The environmental sustainability of Quebec’s hydro-electricity is another factor playing in Montreal’s favour, as many large technology companies are choosing regions with sustainable power, Byers says.

In addition, Montreal and Quebec provide “a significant amount” of financial incentives for technology companies to enter the market which far exceed those elsewhere in Canada.

These include a tax credit of up to $25,000 per person for hiring a new IT employee, a 30 per cent tax credit on eligible research and development expenditures and generous capital cost allowance rates for purchasing clean energy equipment.

Although Montreal’s land costs are substantially lower than those in Toronto and or Vancouver, “the biggest difference really is on the power side of things.”

He says savings between Quebec and Ontario are about $1 million per megawatt, per year of operating costs. “If you are a large provider and have 10 or 20 or 30 megawatts, the savings per year on the electricity alone can be $10, $20 or $30 million – those savings alone are driving a lot of interest in the Quebec market.”

Rapidly build capacity

According to Byers, ROOT’s key differentiator, which has driven most of its business, is its ability to build capacity faster than its North American competitors. “We can build multiple megawatt deployment within 120 to 180 days, compared to a traditional build cycle of eight to 10 months.”

ROOT has been able to reduce the amount of time it takes to build by doing its own engineering and general contracting, using a just-in-time method of construction and standardized equipment in all of its designs, he says.

“One of the challenges of some of the largest technology companies in the world today is that they have unknown growth rates and they need massive amounts of demand and need to expand very quickly,” he says. “You can’t plan for that growth and having a data centre provider who could build out more capacity faster than anyone else is a key competitive advantage.”

Byers, who has 20 years of experience in the data centre industry, was previously president of Rogers Data Centres, executive vice-president of Primus, and chief operating officer at Magma Communications.

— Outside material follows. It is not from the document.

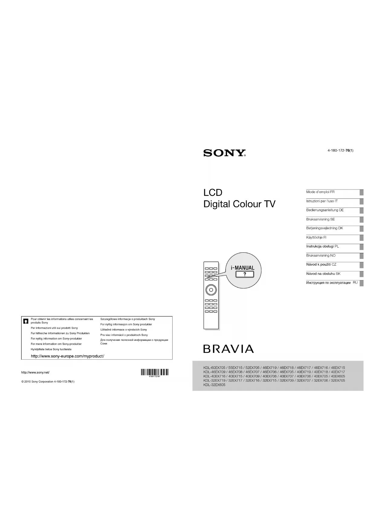 MODE D'EMPLOI Bravia KDL32EX715 SONY

Byers says ROOT probably has enough capacity at its current sites for the next 12 to 18 months and will then likely be looking for new sites.

ROOT has 58 employees and is so named because the root of all technology implementation is inside data centres, he says.

Although “we think Montreal is the largest data centre opportunity for growth in Canada,” ROOT is considering building data centres in other countries. “There are a number of countries around the world where the cloud providers have not entered yet,” Byers notes.